ADTRAN, INC. PERFORMANCE SHARES AGREEMENT
Exhibit 10.1
ADTRAN, INC.
PERFORMANCE SHARES AGREEMENT
PERFORMANCE SHARES AGREEMENT
This Performance Shares Agreement (this “Agreement”) sets forth the specified terms of
ADTRAN, Inc.’s grant of Restricted Stock Units (“Performance Shares”) pursuant to the ADTRAN, Inc.
2006 Employee Stock Incentive Plan (the “Plan”). All capitalized terms used but not defined herein
shall have the meanings ascribed to such terms in the Plan.
Name
of Participant:
Date
of Grant:
Number
of Performance Shares Granted:
Performance Period: The three (3) year period beginning on the Date of Grant of the Performance
Shares.
Vesting and Delivery of Performance Shares: The number of granted Performance Shares that are
vested and earned pursuant to this Agreement will be based on the total shareholder return (“TSR”)

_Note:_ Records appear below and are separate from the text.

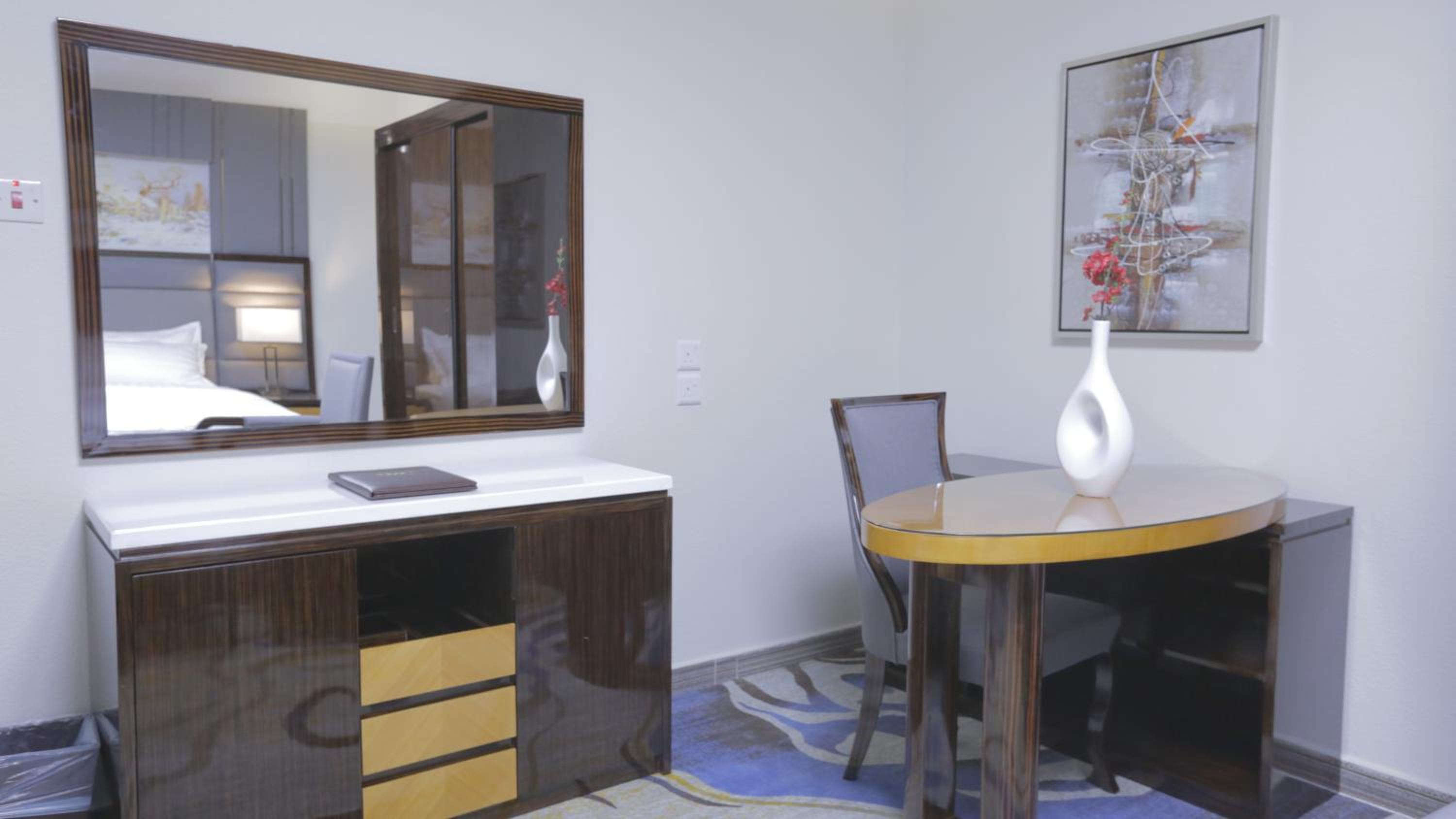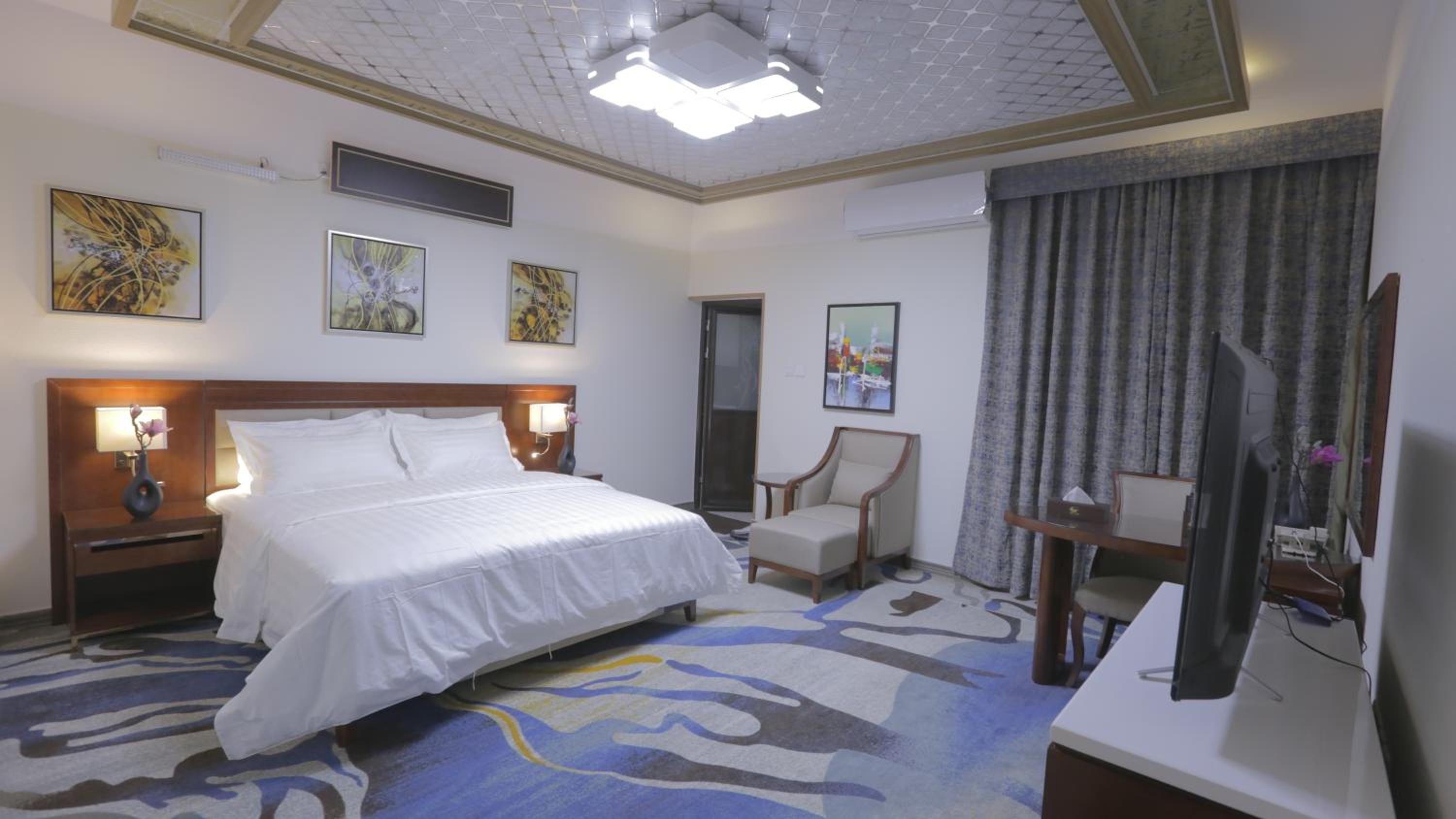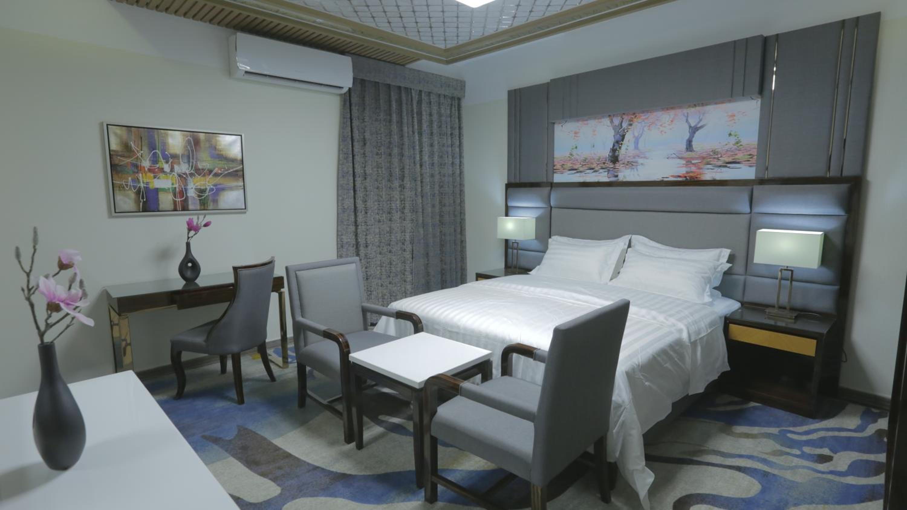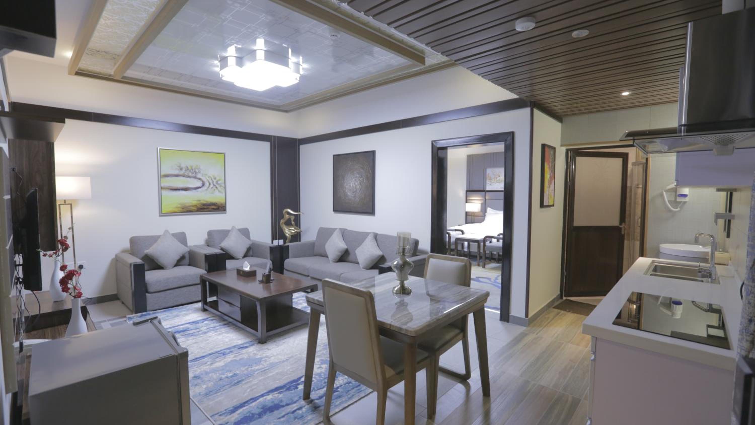 Niyaf Hotel Apartments in Khamis Mushayt offers air-conditioned units with modern amenities like a flat-screen TV, safety deposit box, and a private bathroom. The rooms are designed to be allergy-free and soundproof, ensuring a comfortable stay for all guests.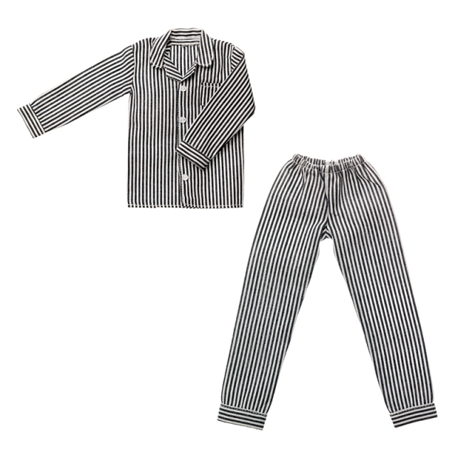 メンズサイズのベーシックなパジャマ上下セットです。ブラックストライプ。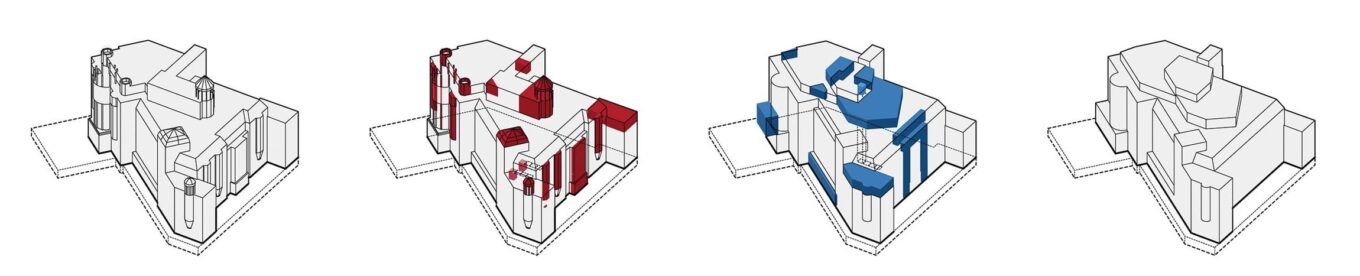 Етапи архітектурного «огранювання» об’єкта: вихідний об’єм, демонтаж, монтаж, новий об’єм. Джерело зображення: BURØ architects

of ADTRAN, Inc. (the “Company”) during the Performance Period relative to all companies in the
NASDAQ Telecommunications Index. Granted Performance Shares will be vested and earned in
accordance with the following schedule:
The Company’s TSR | Granted Performance | |
Performance relative to its | Shares Earned | |
Peer Group (expressed in | (expressed as a | |
a percentile) | percentage) | |
Less than 20th Percentile | 0% | |
20th Percentile | 25% | |
25th Percentile | 38% | |
30th Percentile | 50% | |
35th Percentile | 63% | |
40th Percentile | 75% | |
45th Percentile | 88% | |
50th Percentile | 100% | |
55th Percentile | 108% | |
60th Percentile | 117% | |
65th Percentile | 125% | |
70th Percentile | 133% | |
75th Percentile | 142% | |
80th or more Percentile | 150% |
One share of the Company’s Common Stock shall be issued to the Participant for every “Earned
Performance Share.” The Company will issue shares of Common Stock to the Participant as soon as
administratively practicable following the date the Performance Shares have been vested and earned;
provided, however, if any law or regulation requires the Company to take any action (including, but
not limited to, the filing of a registration statement under the 1933 Act and causing such
registration statement to become effective) with respect to such shares of Common Stock before the
issuance thereof,
then the date of delivery of the shares shall be extended for the period necessary to take such
action, to the maximum extent permitted by Section 409A of the Internal Revenue Code.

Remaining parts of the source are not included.